The Daily News’ sister paper, the Daily News on Sunday, reported exclusively at the weekend that Grace’s presumed ambitions to elbow out Mnangagwa in the post-congress Zanu PF’s bitter war to succeed Mugabe had got a massive boost on Saturday.
This followed the ruling party’s women’s league in Mashonaland West province openly demanding the return of the women’s quota system in the Zanu PF constitution, a clear statement that they want the first lady to take over from Mnangagwa as party vice president.
Mnangagwa, who has since late last year been heavily tipped to take over from Mugabe, was derailed by the same policy in 2004 when the women’s league again pushed for the elevation of former Vice President Joice Mujuru to be one of the nonagenarian’s deputies.

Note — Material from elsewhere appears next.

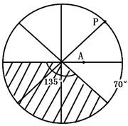 图示70°纬线为某日极昼现象的最低纬度,且此时阴影和非阴影范围为全球两个不同日期。A在P的西北方向,P地6小时后太阳达到该日最大高度。回答1-3题。
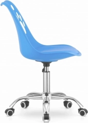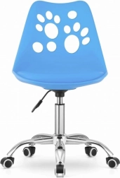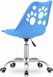 Scaun rotativ albastru din plastic cu bază metalică și decupaje decorative sub formă de lăbuțe, ideal pentru birouri de acasă sau camere pentru copii.

Sources who attended the women’s league meeting and spoke to the Daily News on Sunday afterwards said there was “unanimous agreement” on the need for a woman to be in the party’s presidium — a move that confirmed what the Daily News accurately reported on last week.
Under this arrangement, the women — together with the G40 — will push for the party to revert to its old constitution at the Victoria Falls conference, so that among the party’s top three leaders “one shall be a woman”.
If this proposal is adopted, it will put paid to Mnangagwa’s long-mooted ambition to succeed Mugabe.
Sources also say all of Zanu PF’s provinces, except for Masvingo and Midlands, are pushing for Grace to become vice president as also exclusively revealed by the Daily News last week.
Meanwhile, senior Zanu PF official and Indigenisation minister Patrick Zhuwao has also savaged what he has described as “attempts by successionists to propagate narratives that seek to suggest that president Mugabe should announce a successor when he has not even completed half of his term”.
“Such successionists seek to hijack and steal president Mugabe’s mandate perhaps because of the realisation that their succession candidates are unelectable,” Zhuwao said, in a politically-pregnant statement at the weekend.
“It is necessary and important that all appointed officials in government and the politburo are reminded that they were appointed to assist the president and as such they must remain loyal and distance themselves from successionist narratives.
“Failure to do so confirms disloyalty to the one centre of power, president Mugabe,” Zhuwao added.